If you travel from the alpine zone to the lowland tropics, more than just the climate will change. Species composition follows changing environments: there is a reason why a Cyathea tree fern doesn’t live in Colorado but does live in Costa Rica. (Note of course that many millions of years ago, when the earth was warmer, rain forest could be found even in what is now Antarctica!).
What is it about a tree fern that prevents it from living in a cold environment? A central idea in modern ecology is that measuring properties that reflect an individual’s function, performance (and ultimately fitness) can explain this pattern. My main hypothesis has been that leaf venation networks are the key ‘trait’ to measure. Here’s why. Plant growth requires water loss through transpiration in the leaves, and transpiration requires water supply, which is provided by the leaf veins. If there is a preferred growth rate and water loss rate set by the environment, then only certain leaf venation networks should be viable in each environment.
I just published a paper that tests this idea. I had noticed early on that different vein networks were associated with colder and warmer, or wetter and drier environments, as you see above. To see how general these patterns were, I went in search of leaves from a broad range of climates.
First, Dr. Brad Boyle led a botanical expedition on the western slope of Costa Rica. We started in lowland moist forest, as you see below. Access to one field site required hiking past a beautiful beach, and it was very tempting to ditch our equipment and sweaty clothes in favor of a late-afternoon swim.
We collected plants all the way up to cloud forest and páramo vegetation, across an elevation gradient of more than 3000 meters.
Second, I made collections in the Colorado Rocky Mountains. Here, sites ranged from high desert to subalpine meadow.
My favorite sites were in aspen forest, where Neill Prohaska helped me with tree climbing (aspen bark is very slippery).
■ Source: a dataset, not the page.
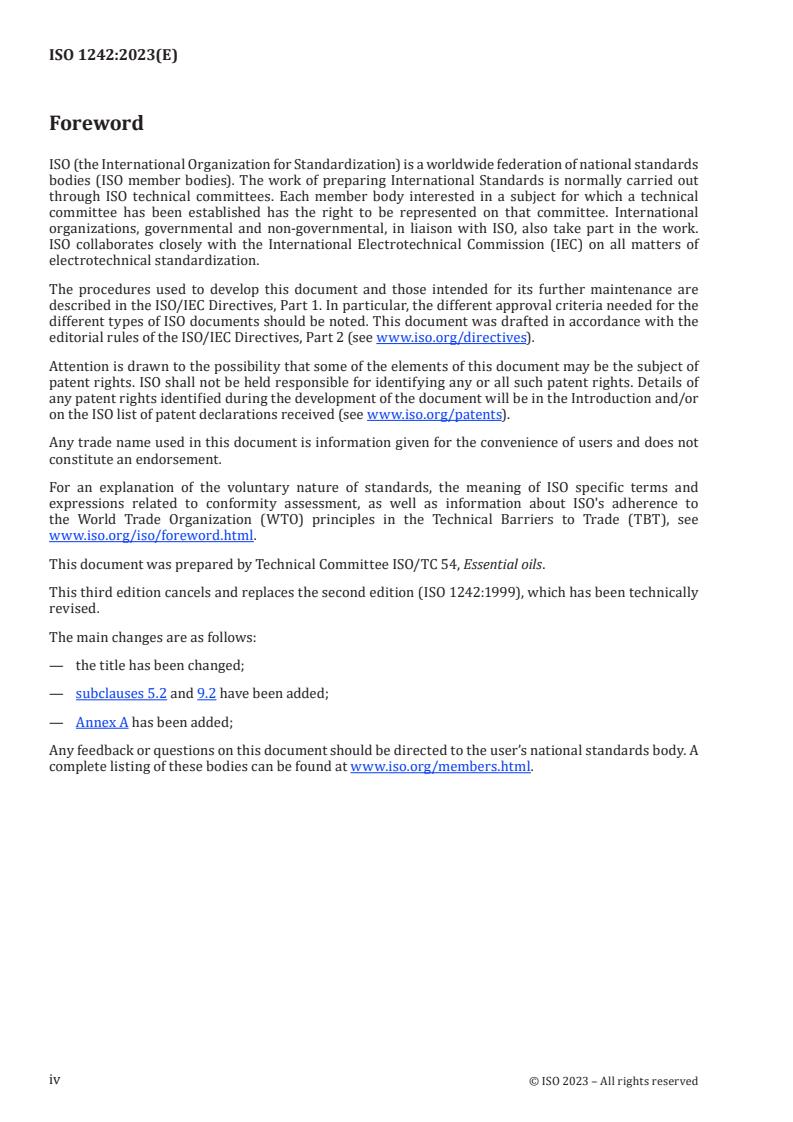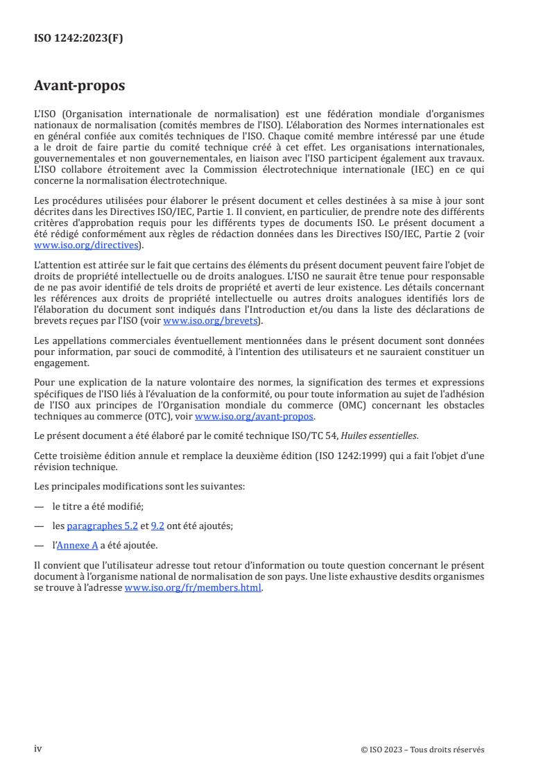 ISO 1242:2023 is a standard published by the International Organization for Standardization (ISO). Its full title is "Essential oils - Determination of acid value by two titration methods, manual and automatic". This standard covers: This document specifies two titration methods for determining the acid value in essential oils. These two methods are not applicable to essential oils containing appreciable quantities of lactones (e.g. Massoïa essential oil).

We found an intriguing pattern – vein density (length of veins per unit area) decreases with elevation, meaning that lowland sites have higher resource fluxes than montane sites. But the slope of the line wasn’t constant: the relationship depended on whether we were in the tropics or not.
I decided to try to explain this pattern based on plant physiology: perhaps the slope difference reflects differences in climate, i.e. growing season temperature, carbon dioxide availability, or intensity of solar radiation. We developed a mathematical model that uses vein density to quantitatively predict these climate variables, based on the idea I wrote about at the beginning of this piece: there is an optimal physiology for a given environment, so that the water supply in a leaf matches the water supply in the environment.
I was surprised by how well it all worked. Below is an observed-predicted plot: we compare observed values of climate to values predicted from measurements of vein density, such that a perfect fit falls on the diagonal.
You can see that we sometimes over-predict or under-predict – but in all cases, the model explains nearly all the variation in the empirical data, with trends in the correct direction. I think this means that the model is capturing some important aspects of reality. The paper’s main contribution is showing that leaf veins provide an important explanation for why species are only found in certain climates around the world.
You can read the paper in New Phytologist (link, or free PDF reprint). It’s been more than three years between conceiving the project, doing the fieldwork, doing the math, and seeing this published. Science isn’t always fast. We certainly had setbacks, and I’ll close by showing you one of them. Visualization of leaf veins requires some chemical work in the lab, and we had a very exciting hotplate malfunction one day. Fortunately everyone’s eyes and fingers survived the accident, and our dataset is just a little bit smaller as a result!